*PROBLEM*: Your copy of the entries below should hold exactly the lines from the one containing "친구 초대하면 복주머니를" to the one containing "Grafitowe kapcie damskie", inclusive, and no pictures.

*GIVEN INFORMATION*:
::::::

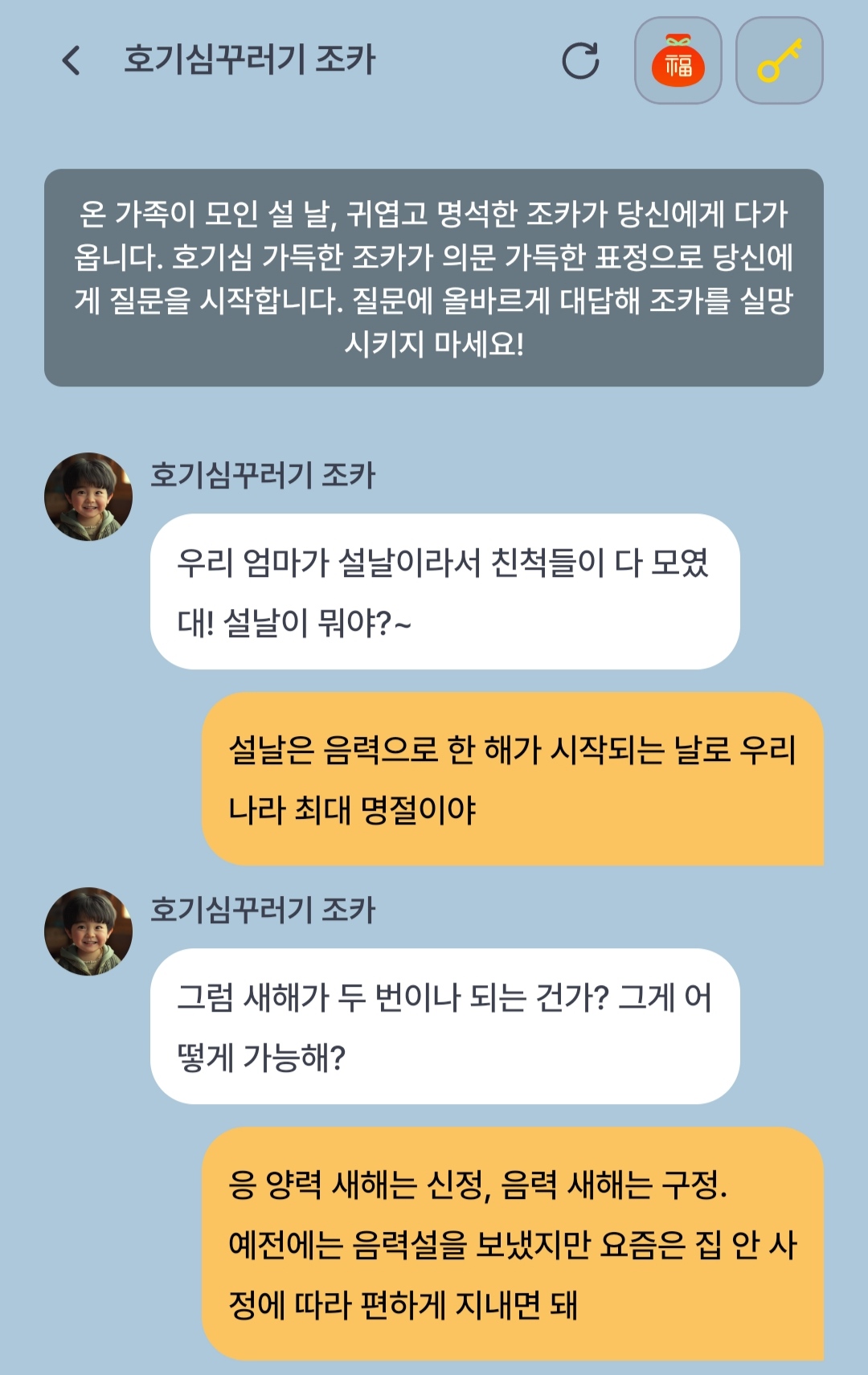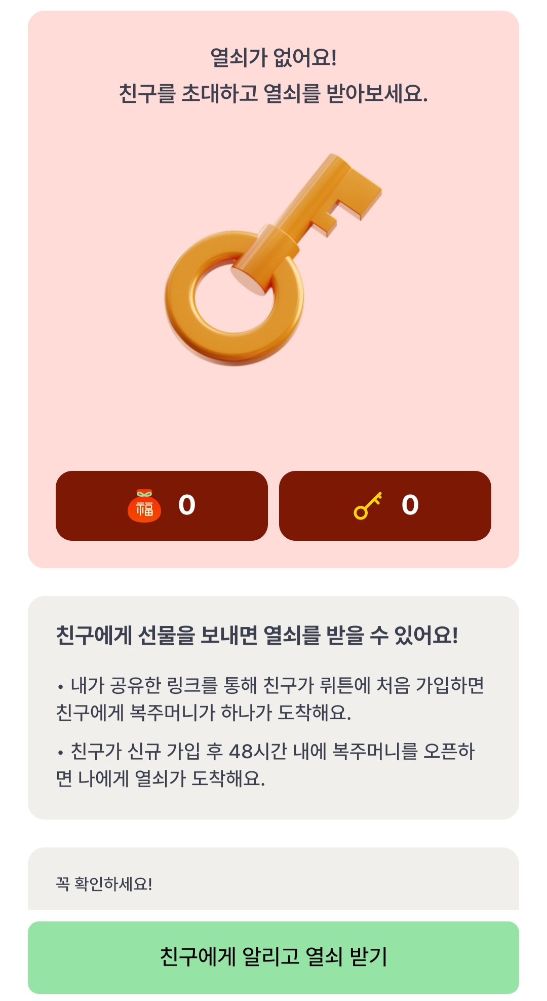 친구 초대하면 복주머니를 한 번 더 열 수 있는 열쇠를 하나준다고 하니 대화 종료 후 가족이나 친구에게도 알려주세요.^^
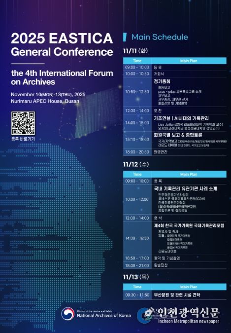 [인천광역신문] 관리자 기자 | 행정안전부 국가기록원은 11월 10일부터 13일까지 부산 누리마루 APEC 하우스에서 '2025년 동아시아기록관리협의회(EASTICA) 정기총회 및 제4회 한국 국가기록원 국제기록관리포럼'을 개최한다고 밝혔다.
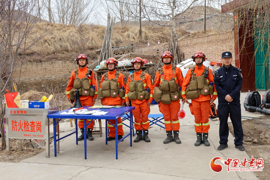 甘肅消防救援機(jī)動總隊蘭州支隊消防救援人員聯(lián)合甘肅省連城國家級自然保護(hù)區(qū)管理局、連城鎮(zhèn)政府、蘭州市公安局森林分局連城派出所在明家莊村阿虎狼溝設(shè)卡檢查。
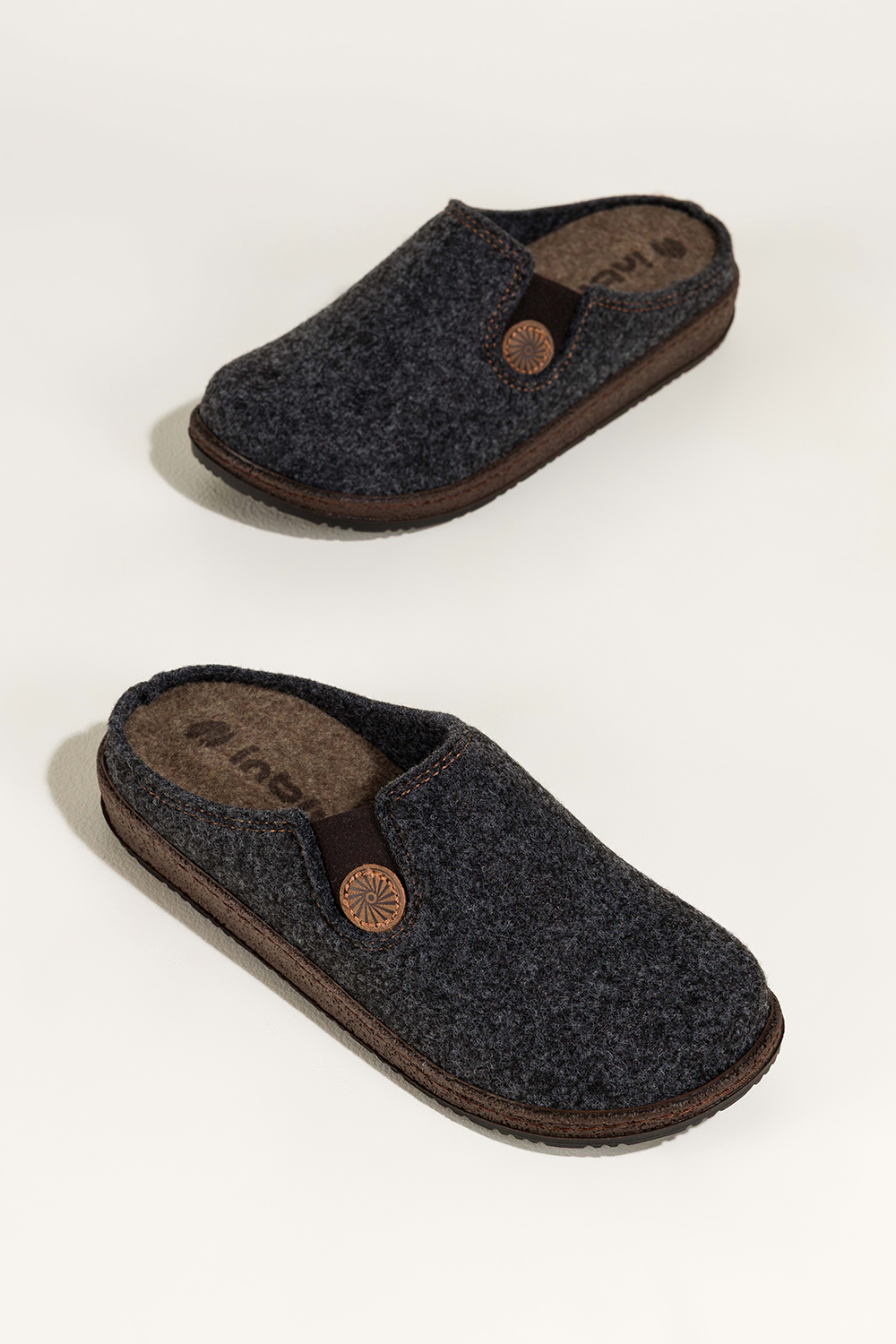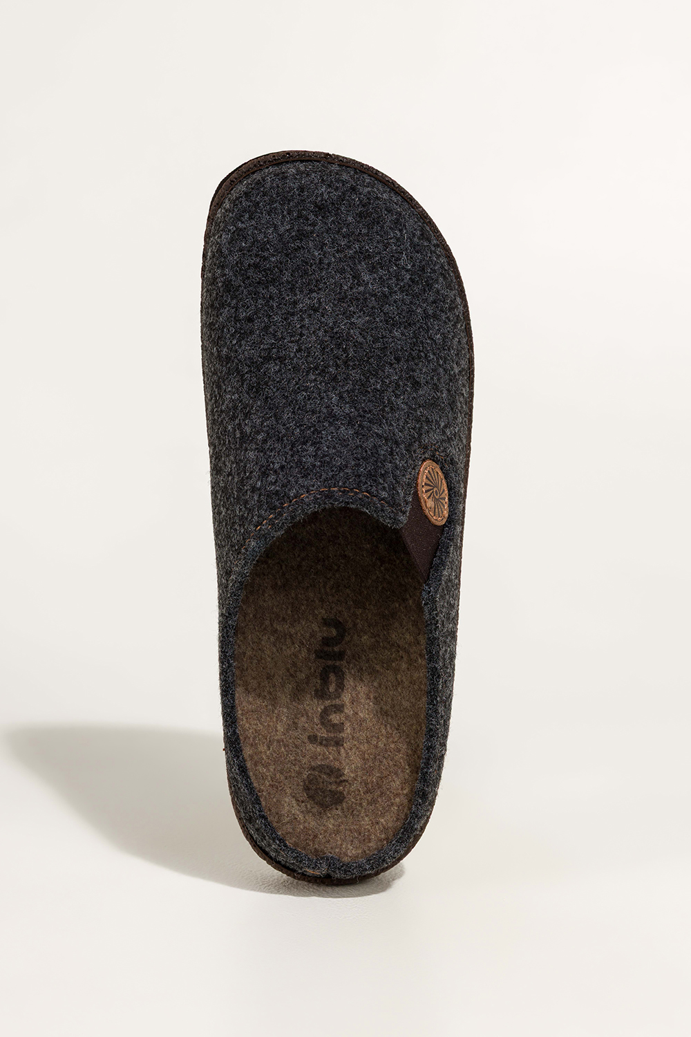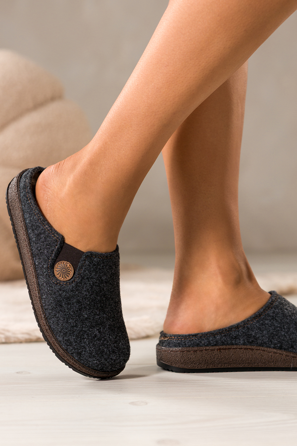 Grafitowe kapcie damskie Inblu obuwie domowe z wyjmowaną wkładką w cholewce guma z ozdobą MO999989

::::::

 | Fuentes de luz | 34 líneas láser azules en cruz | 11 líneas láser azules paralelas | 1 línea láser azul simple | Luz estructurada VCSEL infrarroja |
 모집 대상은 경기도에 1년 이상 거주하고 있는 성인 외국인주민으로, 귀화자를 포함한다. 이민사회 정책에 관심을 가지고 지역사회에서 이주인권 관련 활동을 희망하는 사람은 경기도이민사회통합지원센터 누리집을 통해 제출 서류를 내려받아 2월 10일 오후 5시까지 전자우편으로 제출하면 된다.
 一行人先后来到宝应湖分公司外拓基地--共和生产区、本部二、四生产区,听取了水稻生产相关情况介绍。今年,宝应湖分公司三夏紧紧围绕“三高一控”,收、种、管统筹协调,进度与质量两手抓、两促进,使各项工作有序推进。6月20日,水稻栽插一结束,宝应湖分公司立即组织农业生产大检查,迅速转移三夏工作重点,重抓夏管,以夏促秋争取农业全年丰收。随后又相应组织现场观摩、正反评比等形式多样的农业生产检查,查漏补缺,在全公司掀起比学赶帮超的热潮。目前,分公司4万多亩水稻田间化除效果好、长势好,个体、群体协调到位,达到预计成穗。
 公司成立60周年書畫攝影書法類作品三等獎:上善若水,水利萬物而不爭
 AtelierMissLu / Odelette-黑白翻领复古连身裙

::::::

*WRITTEN ANSWER*:
 친구 초대하면 복주머니를 한 번 더 열 수 있는 열쇠를 하나준다고 하니 대화 종료 후 가족이나 친구에게도 알려주세요.^^
 [인천광역신문] 관리자 기자 | 행정안전부 국가기록원은 11월 10일부터 13일까지 부산 누리마루 APEC 하우스에서 '2025년 동아시아기록관리협의회(EASTICA) 정기총회 및 제4회 한국 국가기록원 국제기록관리포럼'을 개최한다고 밝혔다.
 甘肅消防救援機(jī)動總隊蘭州支隊消防救援人員聯(lián)合甘肅省連城國家級自然保護(hù)區(qū)管理局、連城鎮(zhèn)政府、蘭州市公安局森林分局連城派出所在明家莊村阿虎狼溝設(shè)卡檢查。
 Grafitowe kapcie damskie Inblu obuwie domowe z wyjmowaną wkładką w cholewce guma z ozdobą MO999989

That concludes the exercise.